Evaluate patient-reported quality of life after IMRT or SBRT treatment delivered by the RefleXion system by assessing EORTC QLQ-C30. The EORTC questionnaire has a scoring of 0 to 100 and is disease-specific. 0 is none/minimal symptoms and normal/good functional ability. 100 is increased/severe symptoms and decrease/poor functional ability.

Time frame: 90 Days

Secondary Outcomes

Long Term Health-Related Quality of Life-EORTC

Long-term Health-Related Quality of Life (HRQOL) scores, including the EORTC QLQ-C30 at 6 months, 9 months, 12 months, 18 months, and 24 months. The EORTC questionnaire has a scoring of 0 to 100 and is disease-specific. 0 is none/minimal symptoms and normal/good functional ability. 100 is increased/severe symptoms and decrease/poor functional ability.

Time frame: 6 months, 9 months, 12 months, 18 months, and 24 months

Long Term Health Related Quality of Life-EuroQol

The EuroQOL-5D-FL (EQ-5D) will be used in parallel with the Health-Related Quality of Life (HRQOL) surveys to measure quality-adjusted life years.
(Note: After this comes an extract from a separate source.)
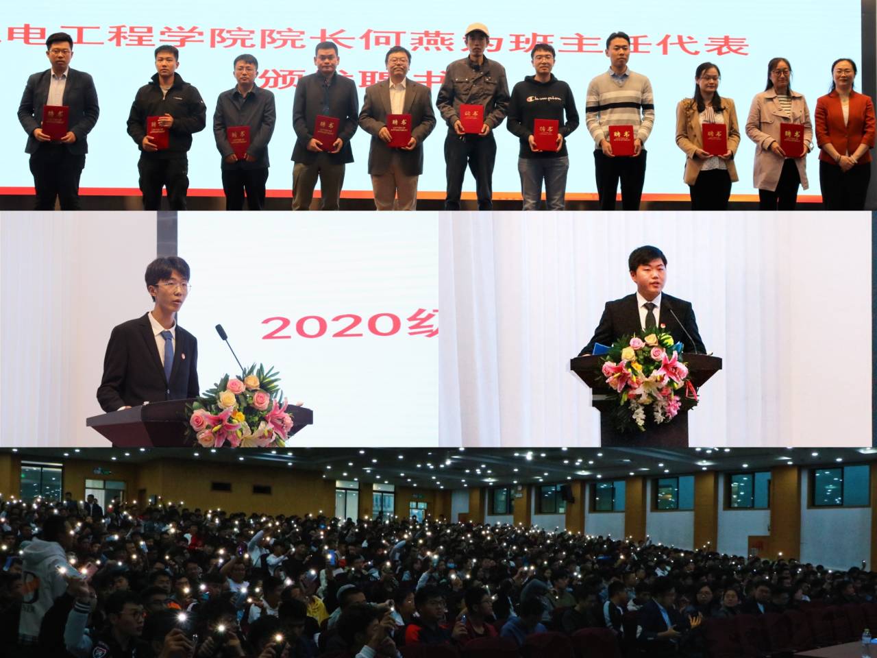 青春绽放,梦想起航。秋日的青科大,绿树蓝天、气候宜人,书声琅琅,勃勃生机。10月6日下午,澳门十大信誉在第二报告厅举行“机扬梦想 电亮未来”2020级新生入学教育大会暨专业教育大会。学院院长何燕,党委书记孙立军,副院长张斌、杨化林、张卫锋、李剑光,党委副书记兼副院长肖强,学院团委书记兼学生工作办公室主任王作辉,班主任代表,学院全体专兼职辅导员,2020级全体新生参加会议。会议由肖强主持。

The EQ-5D comprises five questions on mobility, self-care, pain, usual activities, and psychological status with three possible answers for each item (1=no problem, 2=moderate problem, 3=severe problem. A summary index with a maximum score of 1 can be derived from these five dimensions by conversion with a table of scores. The maximum score of 1 indicates the best health state, by contrast with the scores of individual questions, where higher scores indicate more severe or frequent problems.

Time frame: 6 months, 9 months, 12 months, 18 months, and 24 months

Acute toxicities related to Radiotherapy treatment

Proportion of patients with acute treatment toxicity for the anatomic site undergoing treatment

Time frame: Up to 90 days

Disease Status [progression-free survival]

Evaluate progression-free survival after intensity-modulated radiotherapy or stereotactic body radiotherapy for the cancers above. For prostate cancer cohort, biochemical progression-free survival will also be measured.